A Method for Calculating Atmospheric Radiation Produced by Relativistic Electron Precipitation

Abstract

AbstractRadiation safety in the Earth's atmosphere is of particular importance to our living environment, especially at aviation altitudes. Aviation radiation has been long known to originate primarily from the galactic and solar system: galactic cosmic rays and solar energetic protons. Recent flight measurements by the Automated Radiation Measurements for Aerospace Safety experiment have uncovered another potential source for aviation radiation: Relativistic Electron Precipitation (REP) from the Van Allen radiation belts. REP can induce radiation at aviation altitudes through bremsstrahlung X‐ray production, which carries radiation down to the stratosphere and even the troposphere. In this study, using a suite of physics‐based Monte Carlo models, we characterize the effective radiation dose produced at altitudes between ground and low‐Earth‐orbit by relativistic precipitation electrons with energies between 100 keV and 10 MeV. We produce a lookup table of atmospheric radiation production that calculates the expected radiation dose for a given precipitation flux, spectrum, and pitch angle distribution.
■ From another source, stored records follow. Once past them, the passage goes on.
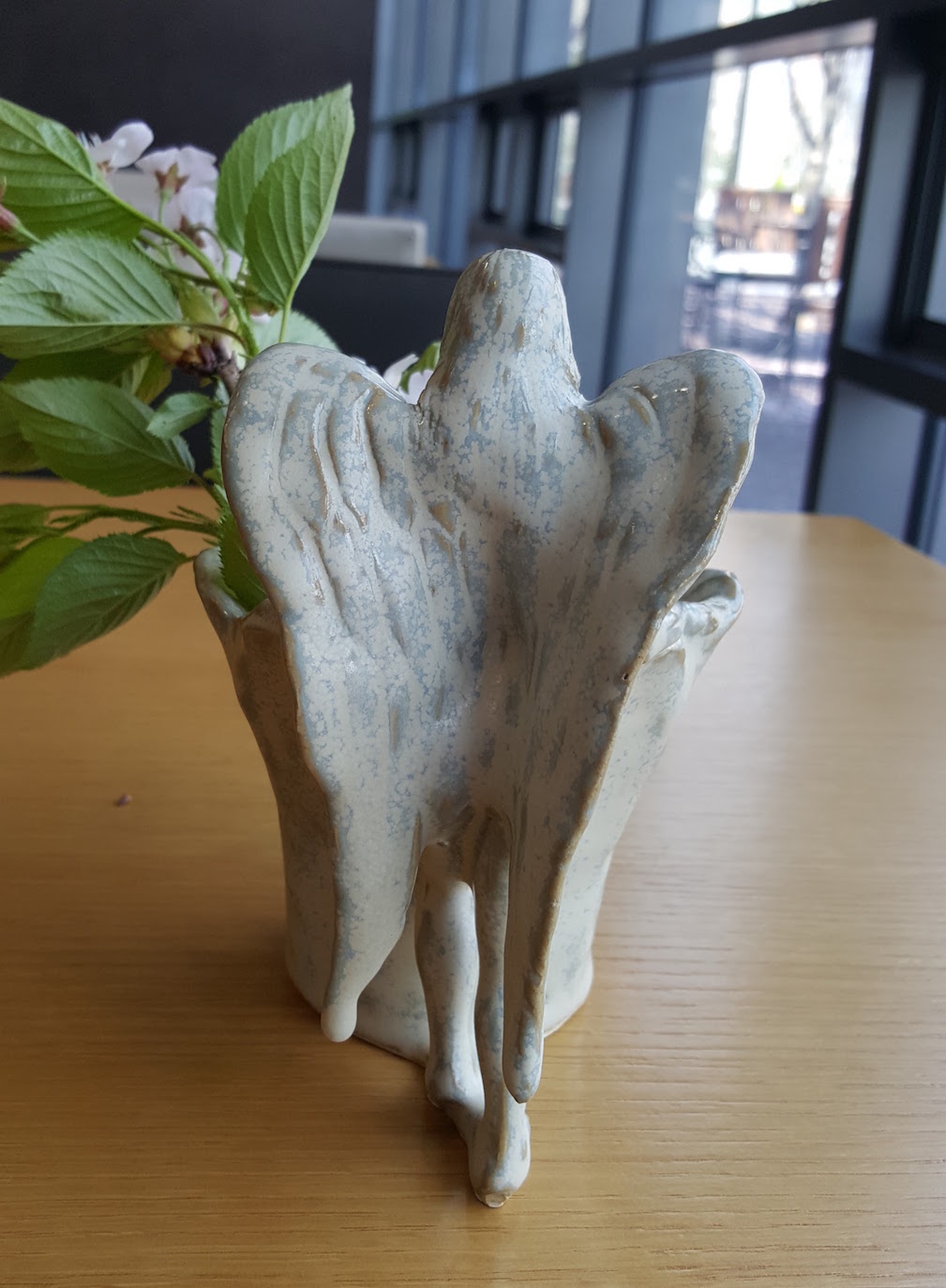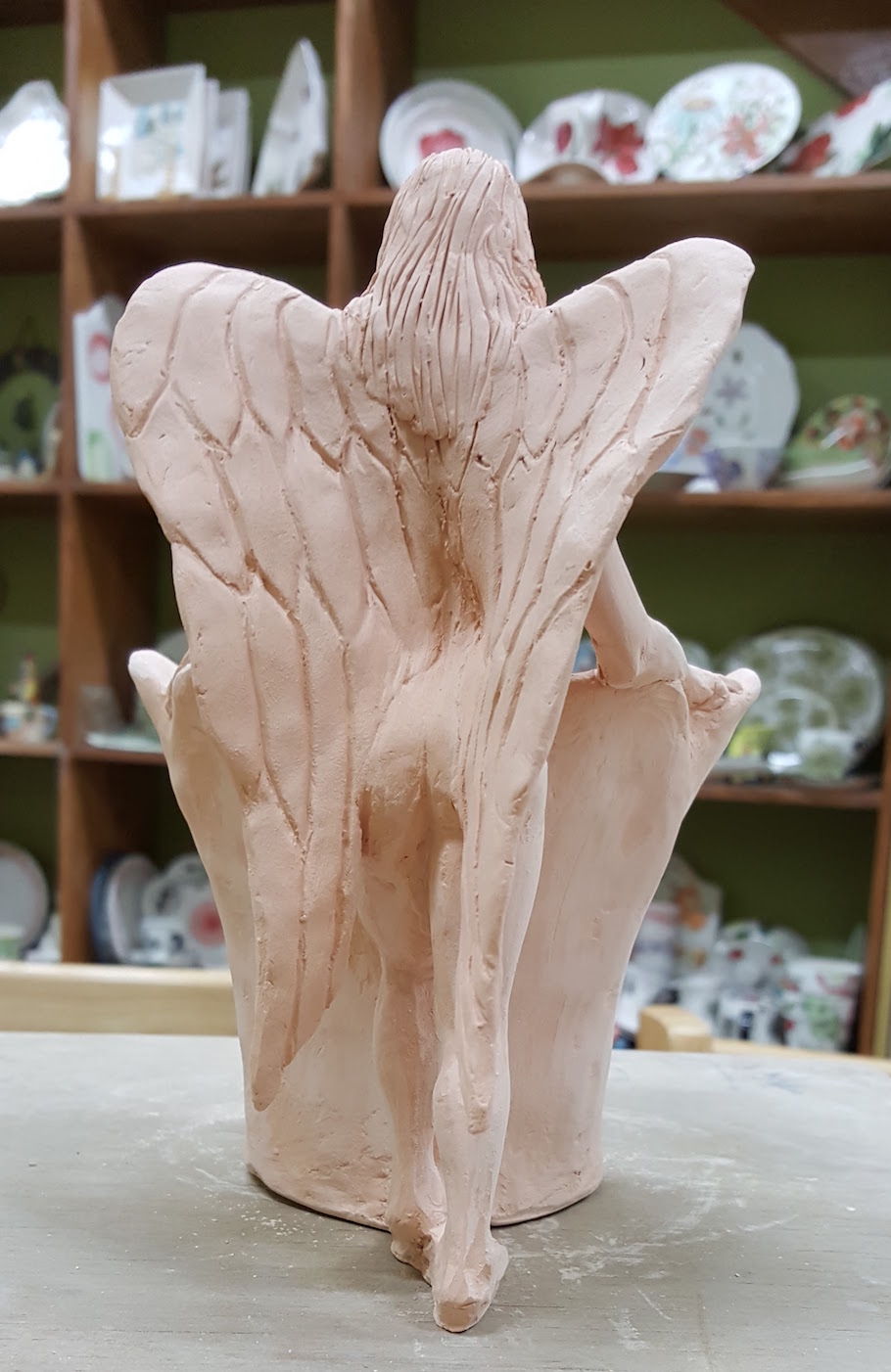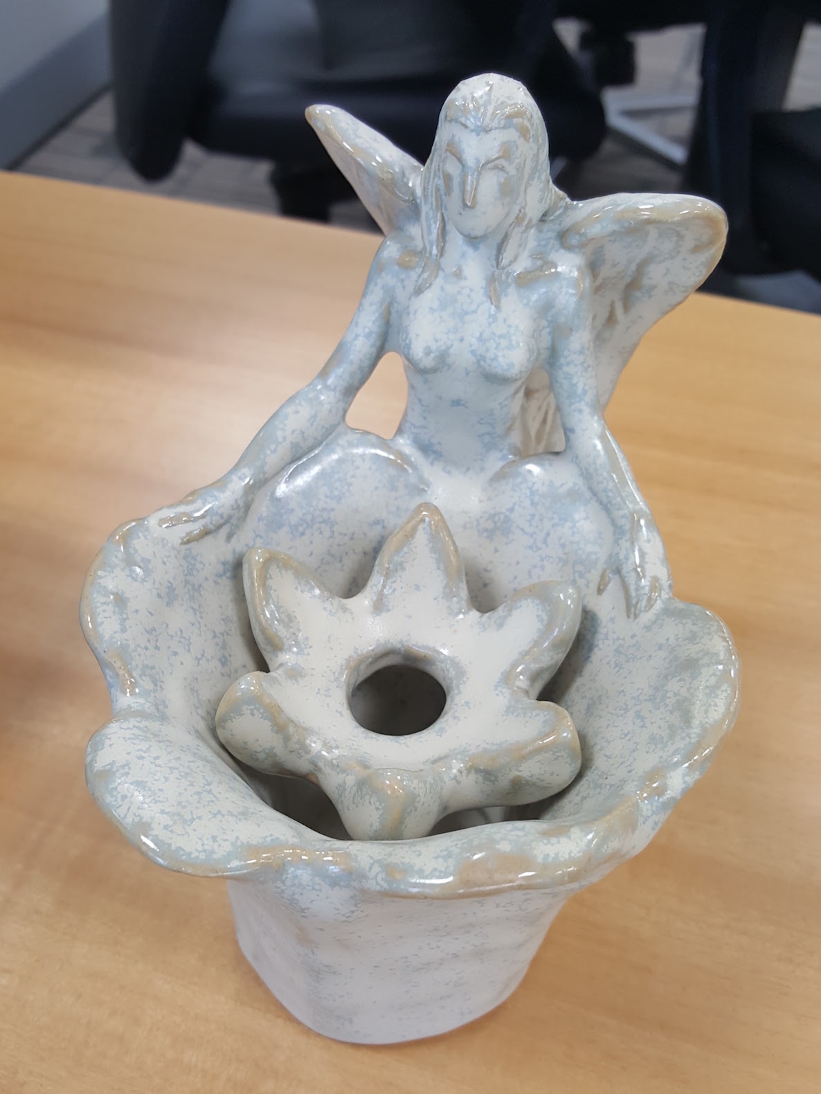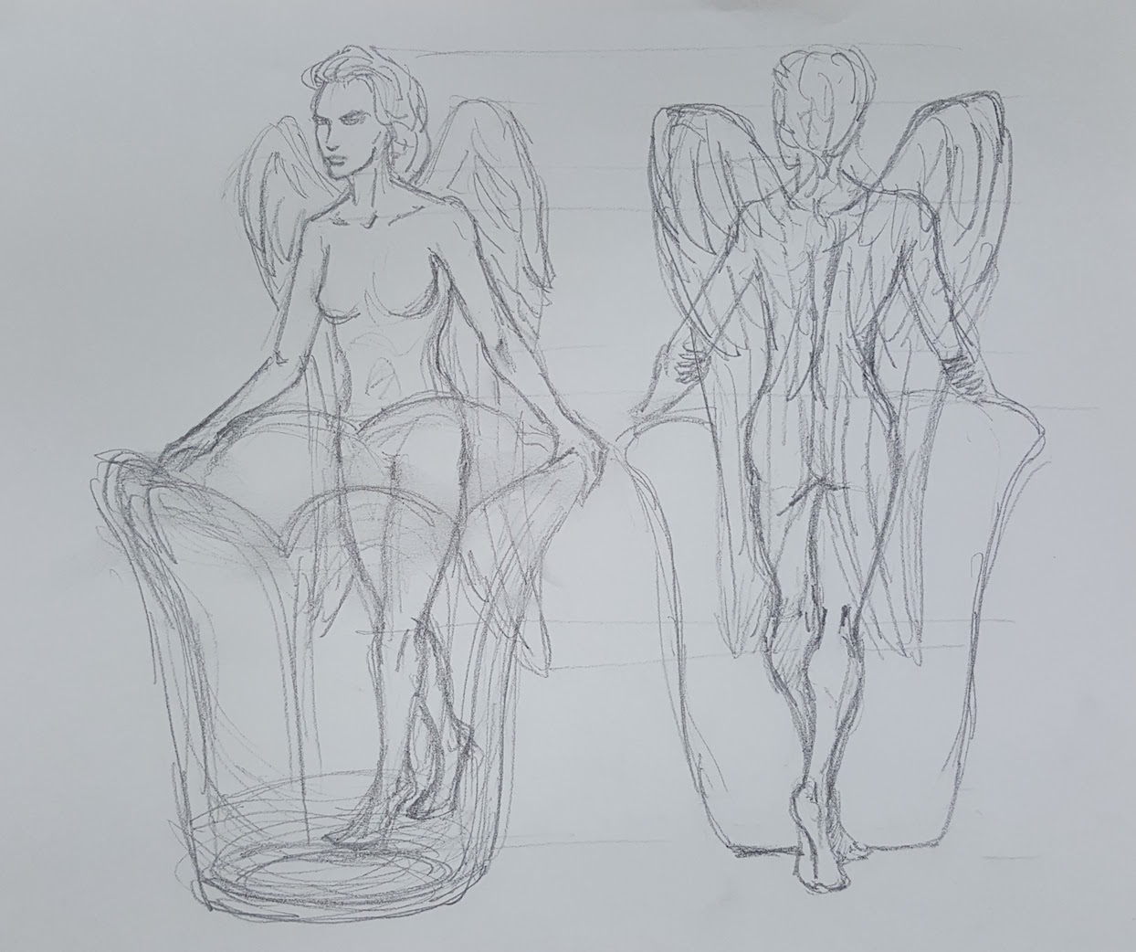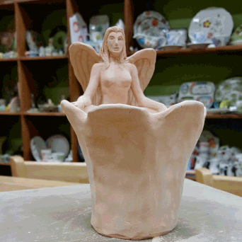 A friend suggested I continue my chimeric female sculpture series with an angel. As usual I started with a concept sketch and adapted it along the way. This piece took much longer than I had anticipated, and I actually ran out of time. Based on my experience with the mermaid mug and the water bearer, I didn't bother adding a whole lot of detail to the face since most of it gets obscured by the glaze.
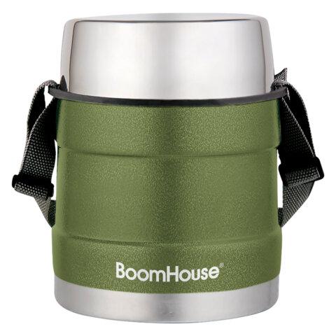 Термос 0,7 л для еды / напитков с широким горлом, BOOMHOUSE (БУМХАУС) RIBBED, нержавеющая сталь SUS304, оливковый, 700321
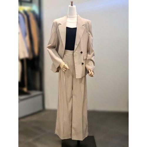 세련된 투피스 정장 반팔 여성 와이드팬츠 세트 자켓 정장
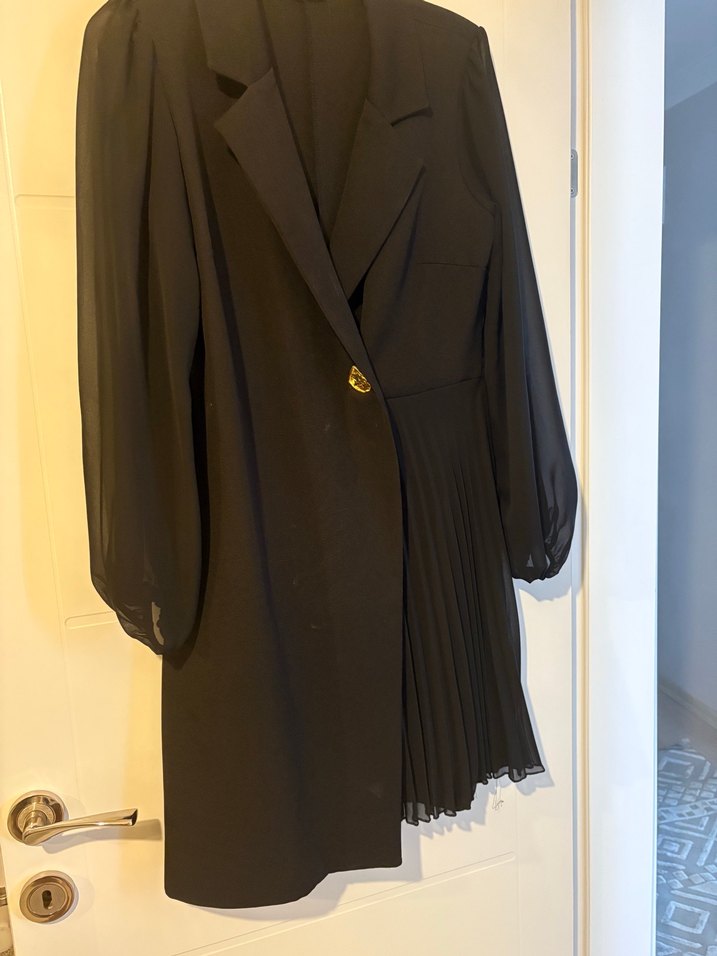 Notched lapel yakalı, tek tarafı piliseli, uzun kollu siyah kadın elbise. Ofis kullanımı için uygun, regular fit.

This lookup table provides results that are consistent with X‐ray measurements during radiation belt precipitation by balloon‐borne instruments in the stratosphere, and can be directly used to convert space‐borne measurements of precipitation fluxes into aviation radiation. This study represents our first attempt toward better understanding of REP's role in the atmospheric high‐altitude radiation environment.